TO DO:
Transcribe exactly the lines from the first line of the records through the line containing "T2壓脂(T2 fatsat", and leave out every picture.

(Stored records)
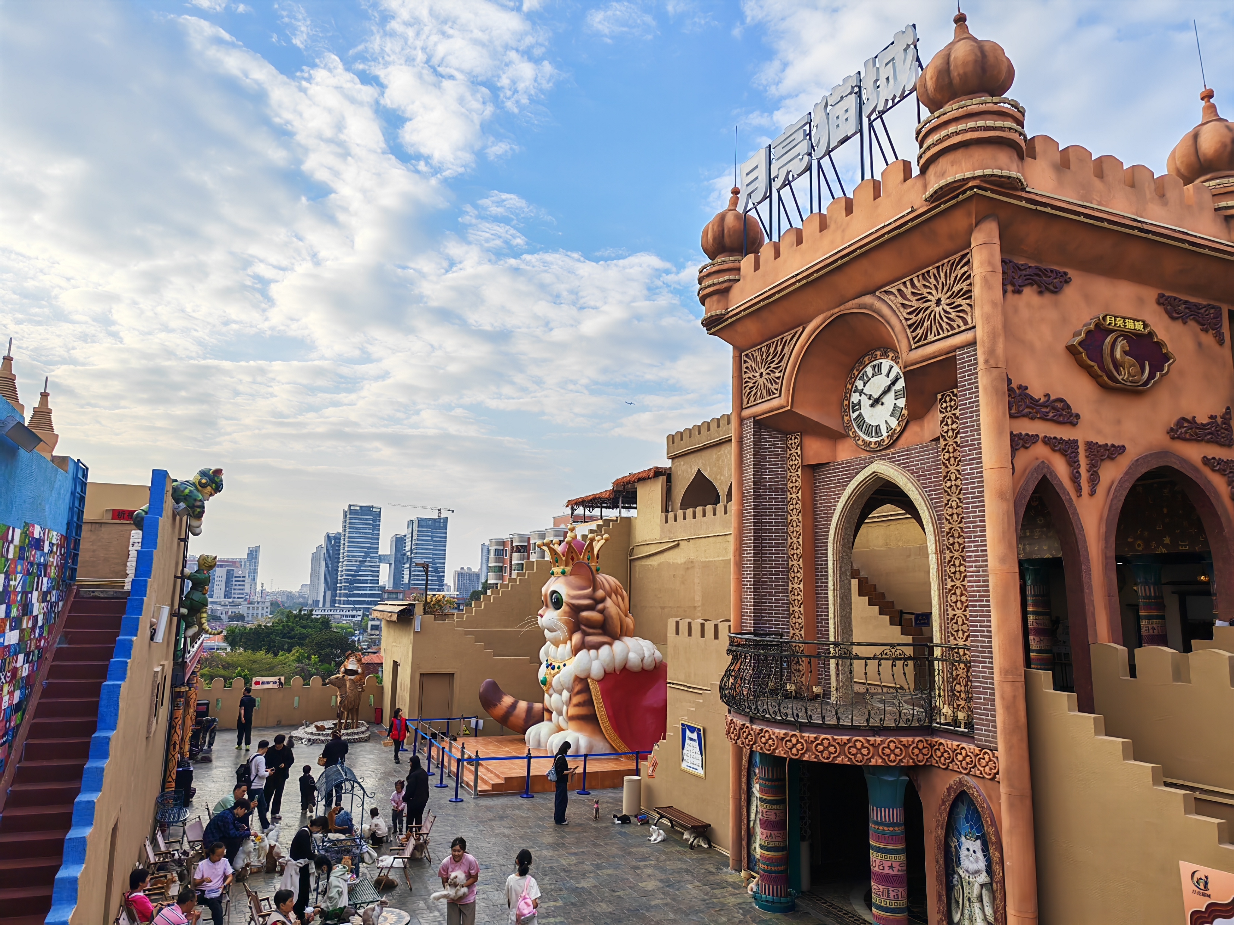 作为近期备受关注的新晋地标,月亮猫城以其“华南小喀什”的西域风情场景与规模化萌宠互动,为都市休闲提供了全新的情感出口。上万平方米的空间内,规划了猫王广场、月光大道等主题打卡区域,构建了日游夜赏的双重体验模式,为游客提供规模化、沉浸式的萌宠互动体验。
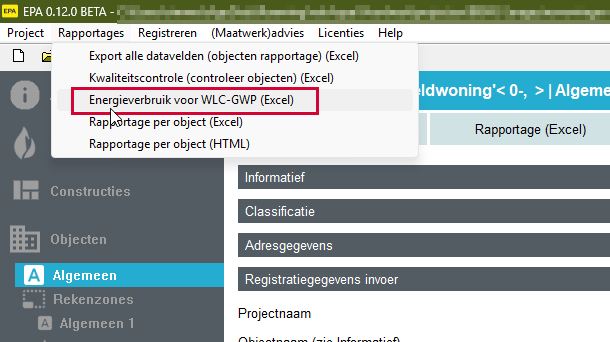 Alle benodigde informatie uit Vabi EPA die als input voor een MPG berekening gebruikt moet worden, is te vinden via het menu Rapportages en kies voor ‘Energieverbruik voor WLC-GWP (Excel)‘, zie afbeelding hieronder.
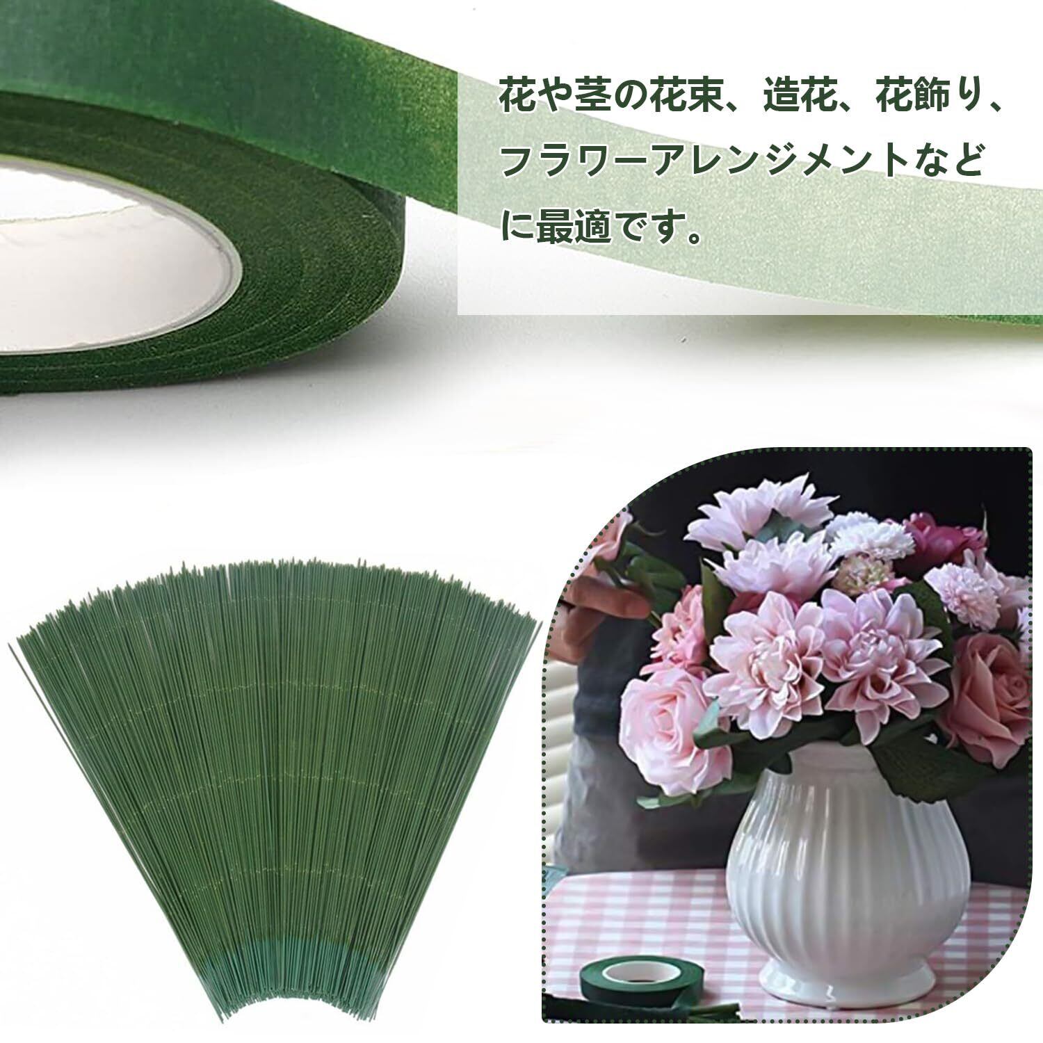 【キット内容】アーティフィシャル・ワイヤー・フラワーポール、50本セット、長さ20cm、太さ2mm、グリーンのフローラルテープ。
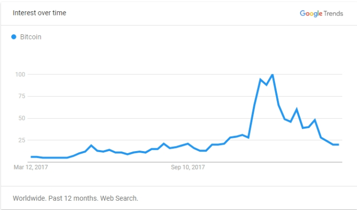 Google Trends cũng cho thấy rằng mức độ phổ biến của từ “bitcoin” cao nhất trong khoảng 17-23 tháng 12, khi bitcoin tăng gần 20.000 USD lần đầu tiên. Tuy nhiên, kể từ đó, những lượt tìm kiếm đối với từ “bitcoin” tụt dốc, và chỉ xếp hạng thứ 19, lần cuối bitcoin ở hạng này là vào tháng 10/2017, khi giá bitcoin vào khoảng 4.300 USD, theo CoinMarketCap.
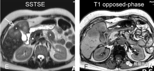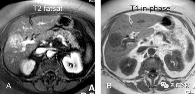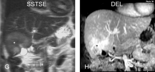 T2壓脂(T2 fatsat):膽囊窩內(nèi)膽囊癌病變較肝臟為高信號(hào),病變頂部向肝內(nèi)擴(kuò)展;
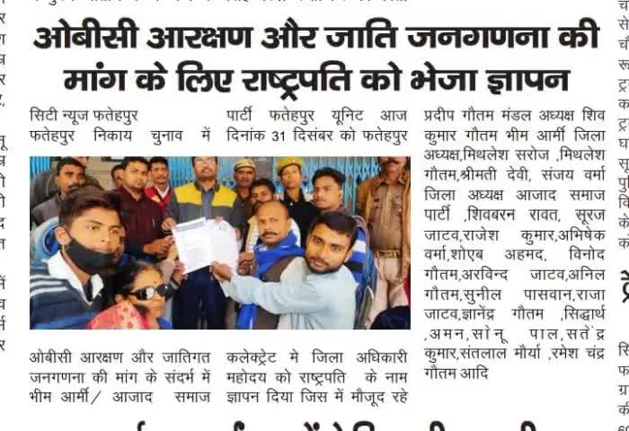 निकाय चुनाव मे OBC आरक्षण व जातिगत जनगणना को लेकर फतेहपुर मे राष्ट्रपति महोदया के नाम जिलाधिकारी को ज्ञापन
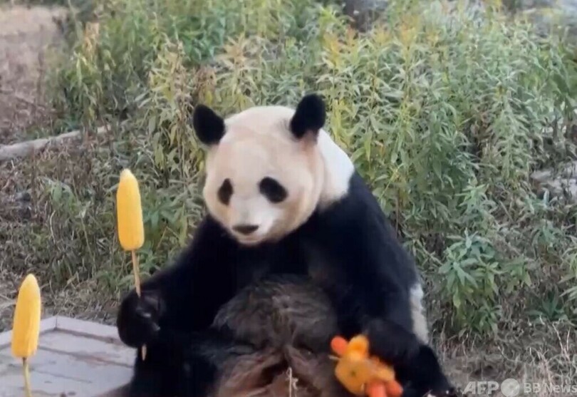 中国北部内蒙古自治区オルドス市のオルドス野生動物園では、ジャイアントパンダの七巧(チーチャオ)と七喜(チーシー)の串刺しのフルーツを入れた特製アイスケーキがお年玉として送られました。(c)CGTN Japanese/AFPBB News
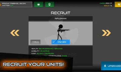 3、通过战斗赢取金币解锁升级单位,还有全局升级提升战斗效率,特色玩法丰富。
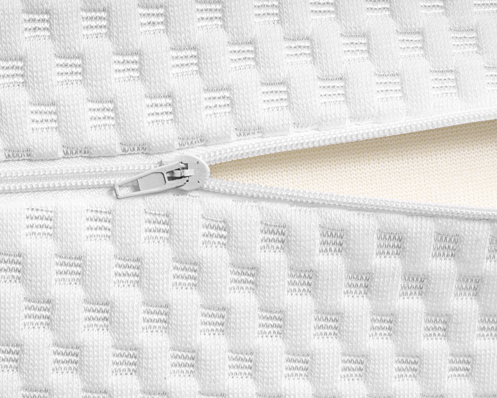 De kern van 100% viscogeltraagschuim vormt zich naar jouw lichaam — stevig waar het moet, zacht waar het kan. Door de perforaties in het schuim blijft het kussen ademend, wat oververhitting voorkomt en vochtregulatie bevordert. Zo behoud je een constant, aangenaam slaapklimaat, de hele nacht door.
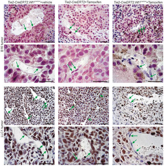 As it has been described that Wt1 regulates Srpk1 [19] and Srpk1 phosphorylates Srsf1, which results in nuclear import of the protein [30,31], we were interested in deciphering the role of Wt1 for the high nuclear Srsf1 expression in tumor endothelial cells. For this purpose, we used Tie2-CreERT2 mice crossed with Wt1Lox/Lox animals as reported before [22], induced vessel-specific knockout of Wt1 by Tamoxifen injection, and implanted syngenic B16 melanoma or LLC1 lung cancer cells subcutaneously. Tie2-CreERT2; Wt1Lox/Lox animals injected with vehicle (sunflower oil) and Tie2-CreERT2 transgenic animals injected with Tamoxifen before tumor cell implantation served as controls. Tumor samples were collected before complete regression occurs in this model [22] and analyzed for Srsf1 expression by immunohistochemistry. Comparable to human tumors, significant nuclear Srsf1 expression was detected in tumor and endothelial cells in control animals (Figure 3, left and middle), but Srsf1 was barely detectable in endothelial cells of tumors from Tie2-CreERT2; Wt1Lox/Lox animals injected with Tamoxifen (green arrows in Figure 3, right). Expression of Srsf1 in B16 melanoma cells and LLC1 lung tumor cells was unaffected by vessel-specific knockout of Wt1. The overall aspect of reduced immunoreactivity for Srsf1 in tumors of Tie2-CreERT2; Wt1Lox/Lox + Tamoxifen animals compared to controls might be attributed to increased lymphocyte infiltration, necrosis, and larger fibrotic areas with reduced number of tumor cells as reported recently [22].
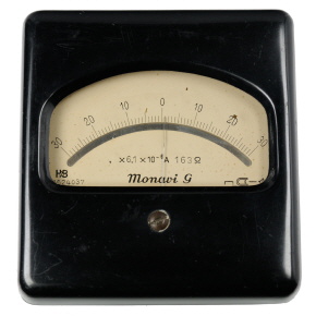 Das Monavi G Zeigergalvanometer besitzt ein empfindliches, in Spitzen gelagertes Drehspulmeßwerken und ist in erster Linie als Nullinstrumente für Brückenmessungen, Kompensationsschaltungen und ähnliches gedacht. Durch die besonders ausgebildete Skala von 60 Teilen (-30 ... 0 ... +30) kann das Gerät auch für empfindliche Messungen benutzt werden.
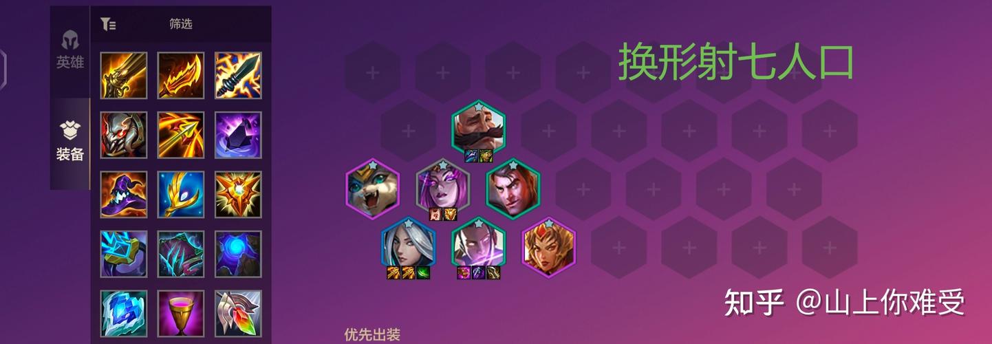 第一套:换形豹女 阵容组成:豹女、纳尔、蜘蛛、乌鸦、妮蔻、希瓦娜、索拉卡。若有玉龙之心或玉龙纹章,可调整为6玉龙+4换形师,或6换形师+怒翼龙(索拉卡未到可挂怒翼龙)。龙女后期可作为副C,提供额外输出。装备分配:豹女:水银(解控)、羊刀(加速输出)、锐利之刃(杀人剑,优先)/巨人捕手/无尽。
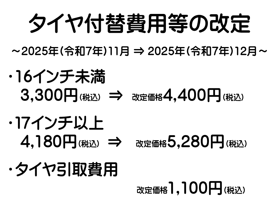 ・タイヤ付替費用等の改定
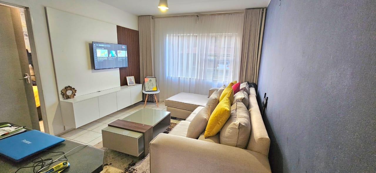1 bedroom with built in cupboards & tiled floor. -1 fully tiled bathroom.
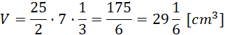 Wypisz znane dane, zastosuj wzór na pole trójkąta prostokątnego, w którym jedna z przyprostokątnych jest wysokością oraz objętość ostrosłupa, jako iloczyn pola podstawy i wysokości. Otrzymany wynik podziel na 3.
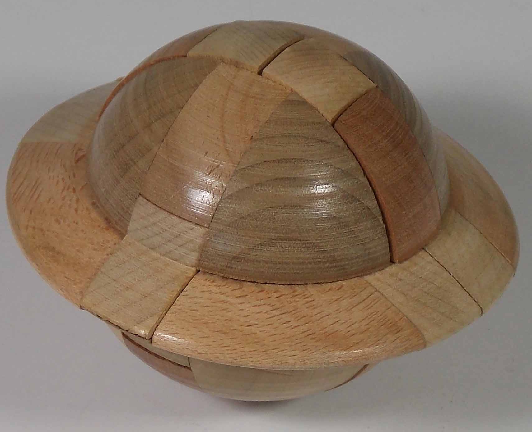 (Wood Saturn) | (unknown) | 12-piece wood puzzle shaped like a ball with ring around it |
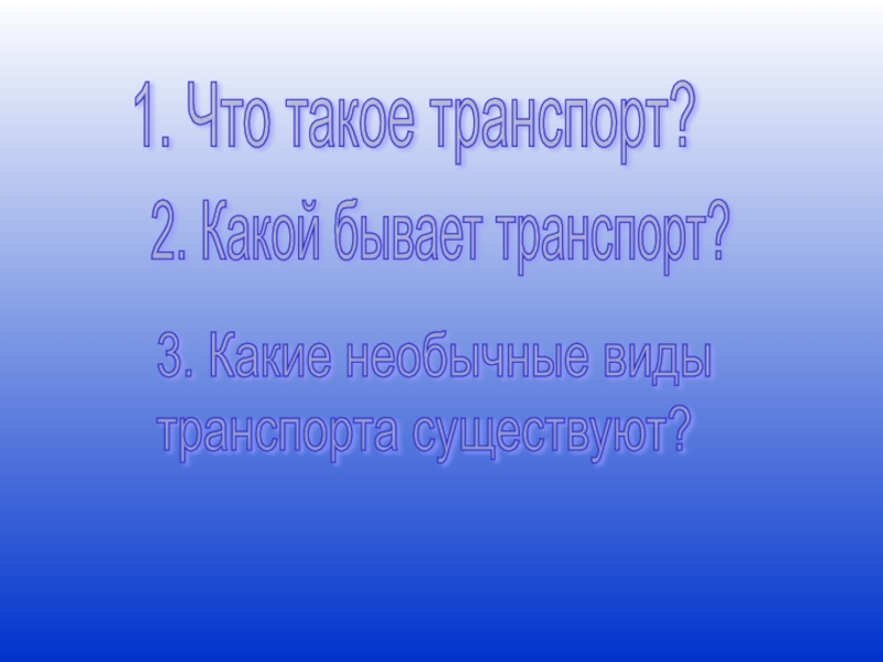 1. Что такое транспорт?2. Какой бывает транспорт?3. Какие необычные виды  транспорта существуют?

COMPLETED TASK:
 作为近期备受关注的新晋地标,月亮猫城以其“华南小喀什”的西域风情场景与规模化萌宠互动,为都市休闲提供了全新的情感出口。上万平方米的空间内,规划了猫王广场、月光大道等主题打卡区域,构建了日游夜赏的双重体验模式,为游客提供规模化、沉浸式的萌宠互动体验。
 Alle benodigde informatie uit Vabi EPA die als input voor een MPG berekening gebruikt moet worden, is te vinden via het menu Rapportages en kies voor ‘Energieverbruik voor WLC-GWP (Excel)‘, zie afbeelding hieronder.
 【キット内容】アーティフィシャル・ワイヤー・フラワーポール、50本セット、長さ20cm、太さ2mm、グリーンのフローラルテープ。
 Google Trends cũng cho thấy rằng mức độ phổ biến của từ “bitcoin” cao nhất trong khoảng 17-23 tháng 12, khi bitcoin tăng gần 20.000 USD lần đầu tiên. Tuy nhiên, kể từ đó, những lượt tìm kiếm đối với từ “bitcoin” tụt dốc, và chỉ xếp hạng thứ 19, lần cuối bitcoin ở hạng này là vào tháng 10/2017, khi giá bitcoin vào khoảng 4.300 USD, theo CoinMarketCap.
 T2壓脂(T2 fatsat):膽囊窩內(nèi)膽囊癌病變較肝臟為高信號(hào),病變頂部向肝內(nèi)擴(kuò)展;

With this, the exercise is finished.